Although no longer Relief Society president, she has continued to care for the senior women by taking them to lunch, giving them rides or calling to check on them.
“She has always been grandma to the children of her ward who needed some extra attention,” the citation read. “After 30 years, some of these children remember her kindness and still reach out to her.”
The tribute added, “She is loved and revered by every one of her family members…She has helped with her grandchildren’s education, helped when times were tough for them, and taken her family all over the country on wonderful vacations…She is the perfect example of love and kindness.”
In response, Nielsen said simply, “I’m sure there are many who deserve it, but I appreciate it. Thank you so much.”
Then Miller, the school principal, read a similar tribute to Mickelsen. He was born and raised in Salina and attended North Sevier High School.
During the Korean War, he enlisted in the U.S. Air Force and became an aircraft electrician and instrument specialist at a base in Alaska.
“Under his command,” the tribute said, “he mentored and instructed 20 airmen who kept 25 F-89s flying.”
Later, he served in the Air Force Reserves, and ultimately became a first sergeant in the 145th Field Artillery unit of the Utah National Guard, based in Manti. In all, he served for 29 years in the military.
He attended Snow College, graduated from Utah State University in history, and did graduate work at Stanford and Michigan State.
He taught history, geography and economics in Monticello, San Juan County, and in the Davis and South Sanpete school districts. According to the tribute, “he had a knack for helping students tolerate economics, even if not enjoying it.”
He married Ruth Chapman of Manti. They had four children, Lance, Leah, Larry and Lynette. Ruth died of cancer in 1988.
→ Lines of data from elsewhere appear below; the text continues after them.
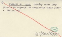 KAWECKI W. 1937 Chrońmy nasze lasy górskie od zagłady. Na marginesie "Dnia lasu".
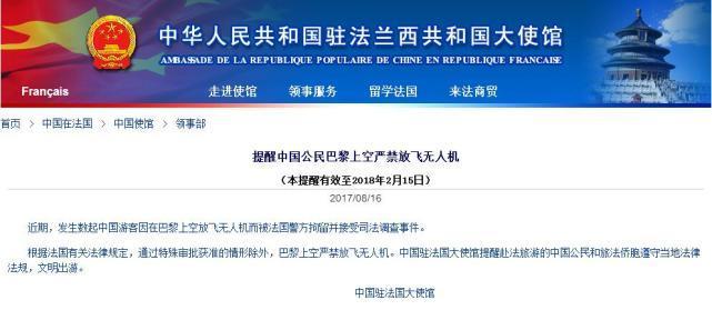 中国驻法国大使馆网站8月16日发布提醒,巴黎上空非经批准严禁放飞无人机,赴法旅游的中国公民和旅法侨胞应遵守当地法律法规,文明出游。
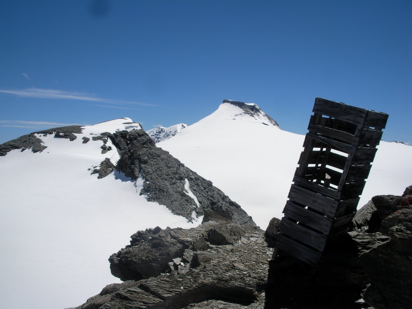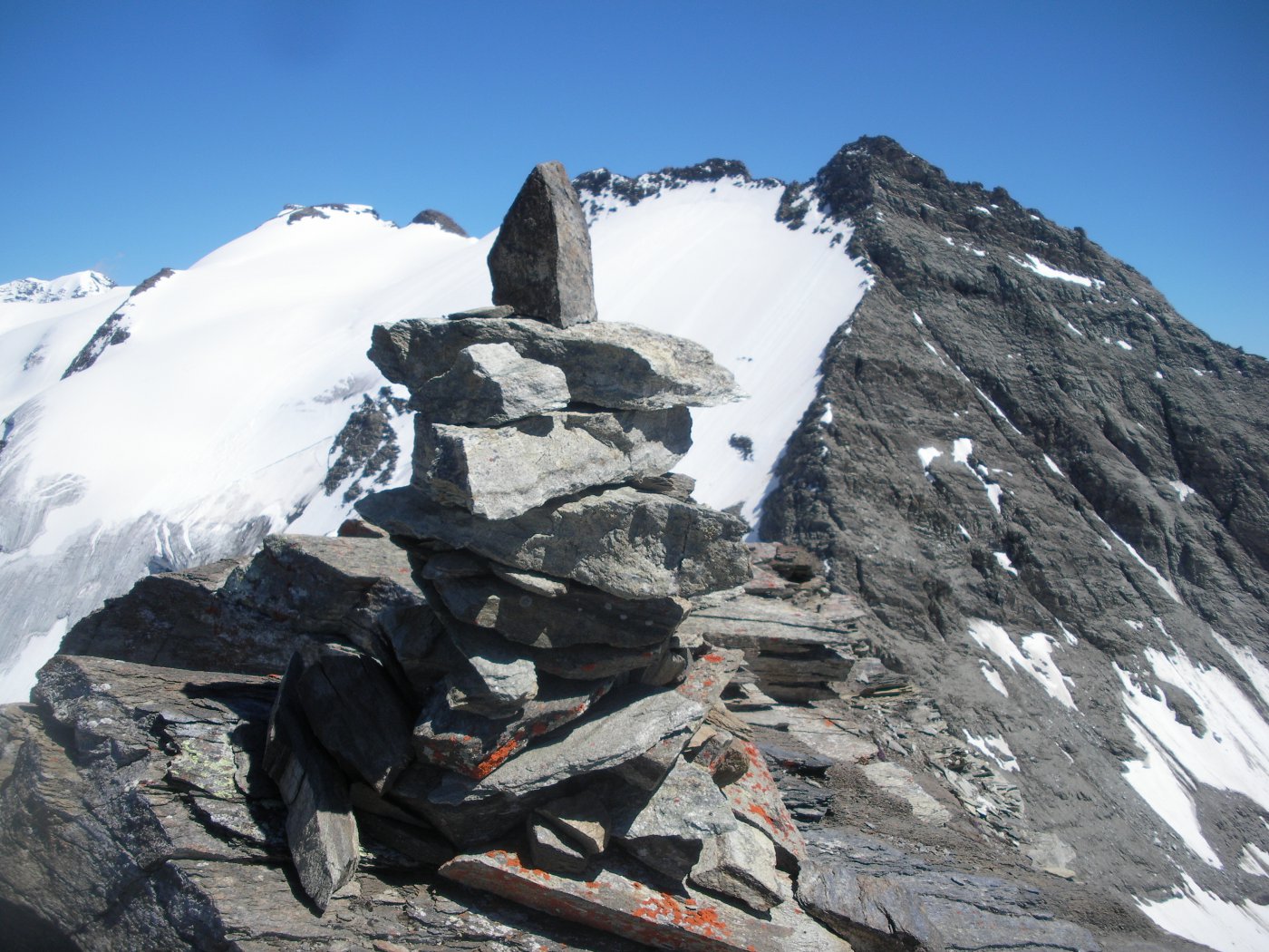 E’ ormai la regola, quella di tendere a esagerare nei contenuti, ogni volta che si parte per rastrellare piu’ mete possibili in un cammino d’avventura tra i monti (s’intende montagne), con conseguente raddoppio o quasi dei dislivelli (dagli originali 1800 e poco piu’ sono arrivato a racimolarne ben 2500, con tutti i prevedibili inevitabili sali scendi su e giu’ da una cima all’altra, e il raddoppio di strada concepita in modo tale da far risultare il giro (senza quasi) ad anello di gran soddisfazione e certamente alla portata di pochi. Al posto di scendere al des Esevettes, luogo a me ormai stra noto, gli ho preferito l’altra soluzione. Una bella infornata di cime che una ad una, vedevo salendo dal ghiacciaio del Vallonet ridotto ormai a poco piu’ che un nevaio. A partire dalla prima che e’ stata l’Albaron, e anche la piu’ alta nonche’ la piu’ famosa e conosciuta della zona, sulla via del ritorno ho ripassato una ad una prima il Dome du Gran Fond, gia’ di per se da sola, una valida meta scialpinistica di tarda primavera, seguono poi in successione le due Pointes du Grand Fond est e ovest, rocciose di creste affilate non difficili cmq esposte e composte da roccia mediocre (e quanto mai), che richiedono tuttavia di fare molta attenzione, tanto piu’ non avendo corda ne niente di niente al seguito. Scendere al col de la Fourche dalla pointe ouest, la cresta ad un certo punto ripida insicura per via della roccia decisamente instabile, mi ha costretto a uscire e a scendere un ripidissimo scivolo di neve con gli unici mezzi sempre validi e insostituibili che sono picca e ramponi. Guai non averli sempre appresso su questi terreni. Un ultima e neanche poi cosi tanto straziante impennata, e tocco il vertice anche della quinta e ultima cima del pacchetto di oggi..la Pointe d’Andagne (anch’essa presa da sola, una piacevole ed appagante meta escursionistica da Bonneval) la prossima sara’ ancora peggio?..Tempo voglia capacita’ e mezzi ci sono..l’importante e’ evitare di coinvolgere altri in imprese “tout court” come questa..il rischio potrebbe essere quello di sentirsi accusato di masochismo per troppi eccessi o estremismi per dirla con altre parole. Giornata spaziale caldo giusto anche in quota. Rigelo che ha tenuto bene praticamente per l’intero lungo giorno di questa camminata-arrampicata dalla durata complessiva di 11 ore e mezza che poi sarebbero 14 se si calcola la sosta di 2 ore e mezza in vetta all’Albaron. Corde e golfari a mo di presa per mani e appoggio per i piedi aiutano a superare il breve tratto verticale di roccette nell’ultimo tratto della salita da nord con uscita diretta in vetta.

Mickelsen then married Mary Kay Christensen of Moroni. About that time, he retired from teaching, “but he didn’t retire from life,” the tribute said.
He was a justice court judge in Moroni and Manti for 12 years; a Scoutmaster for 20 years; served two terms on the Manti City Council; and served in the bishopric and on the stake high council in the Church of Jesus Christ of Latter-day Saints; and he and Mary Kay served two missions to Australia.
Today, he continues to tend his 170-acre farm west of Manti and grow a large garden.
“As a community, state and country, we are all better for Vaughn Mickelsen’s efforts,” the tribute said.
Mickelsen responded, saying, “I really don’t know if I deserve this or not. I’m grateful for the opportunity of being of service to the community.”